• _WHAT IS REQUIRED_: Leave out every picture and set down, exactly, the lines below from the one holding "基隆市政府昨(25)日舉辦「" up to and including the one holding "在经过以上的认真的思考之后,我把兴业兴和".

• _INPUT MATERIAL_:

+ + + + +

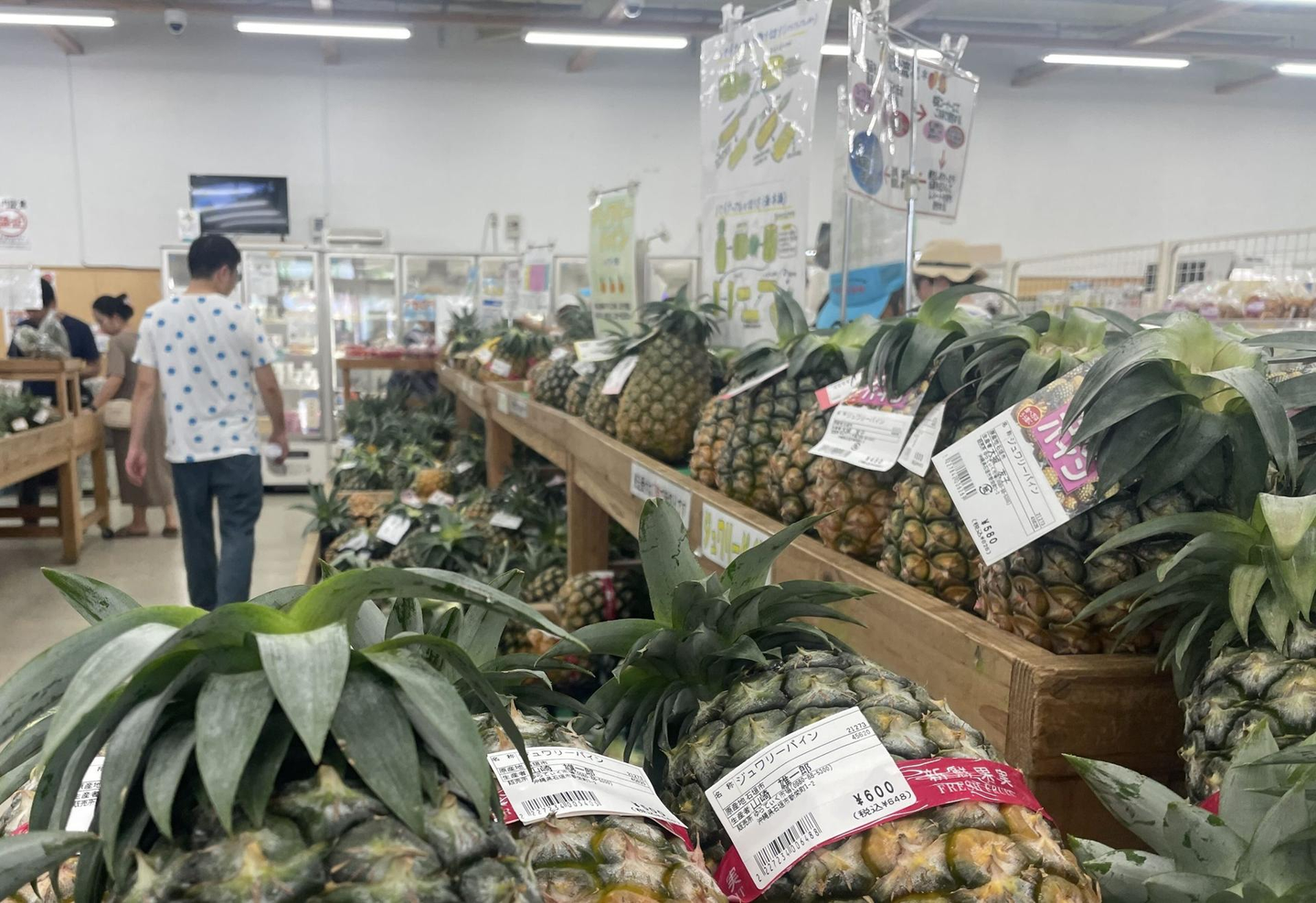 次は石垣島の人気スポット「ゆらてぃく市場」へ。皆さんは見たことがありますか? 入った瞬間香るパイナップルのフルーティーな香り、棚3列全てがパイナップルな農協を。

+ + + + +

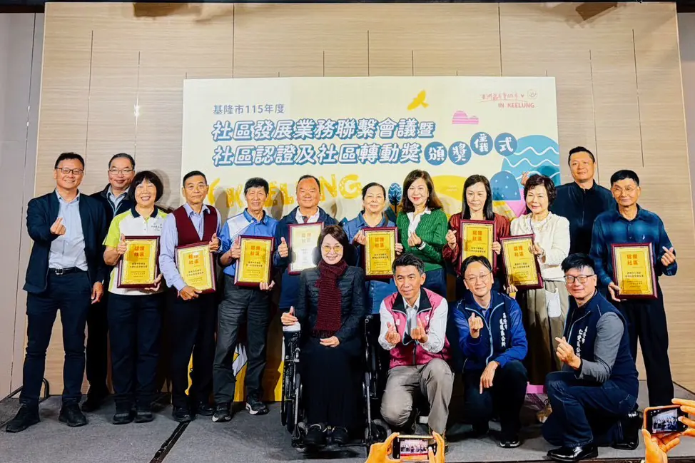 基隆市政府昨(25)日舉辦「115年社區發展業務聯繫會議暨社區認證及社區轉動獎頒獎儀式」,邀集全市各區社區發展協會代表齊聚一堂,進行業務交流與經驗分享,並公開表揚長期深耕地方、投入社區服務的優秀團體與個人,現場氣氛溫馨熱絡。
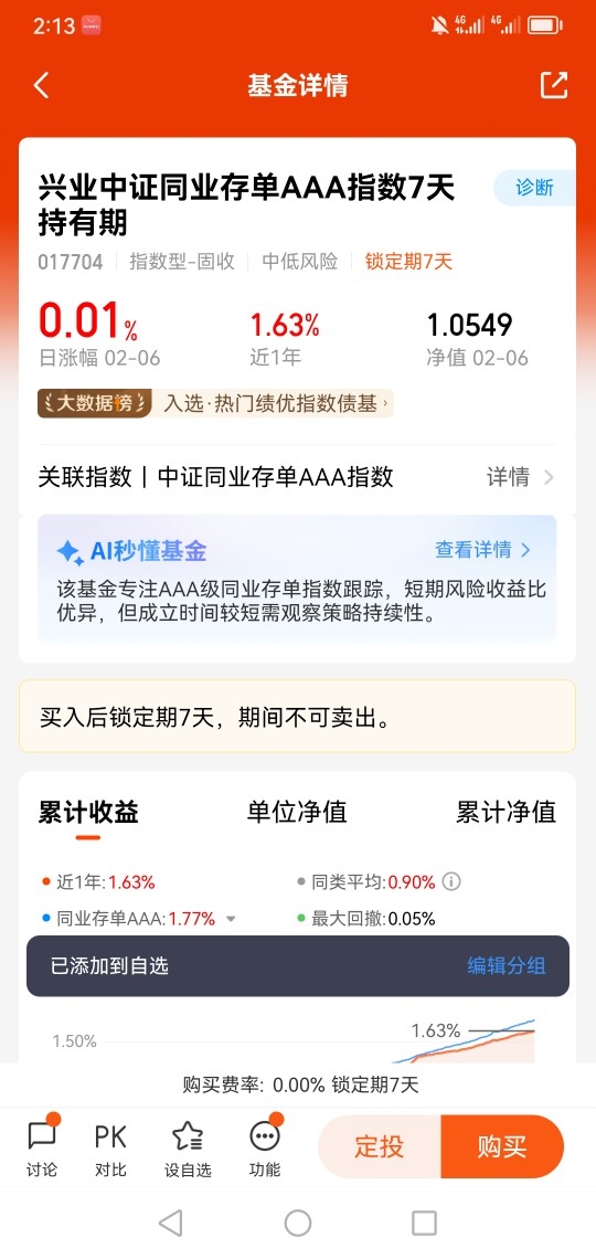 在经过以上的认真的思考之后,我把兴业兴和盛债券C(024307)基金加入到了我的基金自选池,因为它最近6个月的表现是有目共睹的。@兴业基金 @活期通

+ + + + +

• _ANSWER SPACE_:
 基隆市政府昨(25)日舉辦「115年社區發展業務聯繫會議暨社區認證及社區轉動獎頒獎儀式」,邀集全市各區社區發展協會代表齊聚一堂,進行業務交流與經驗分享,並公開表揚長期深耕地方、投入社區服務的優秀團體與個人,現場氣氛溫馨熱絡。
 在经过以上的认真的思考之后,我把兴业兴和盛债券C(024307)基金加入到了我的基金自选池,因为它最近6个月的表现是有目共睹的。@兴业基金 @活期通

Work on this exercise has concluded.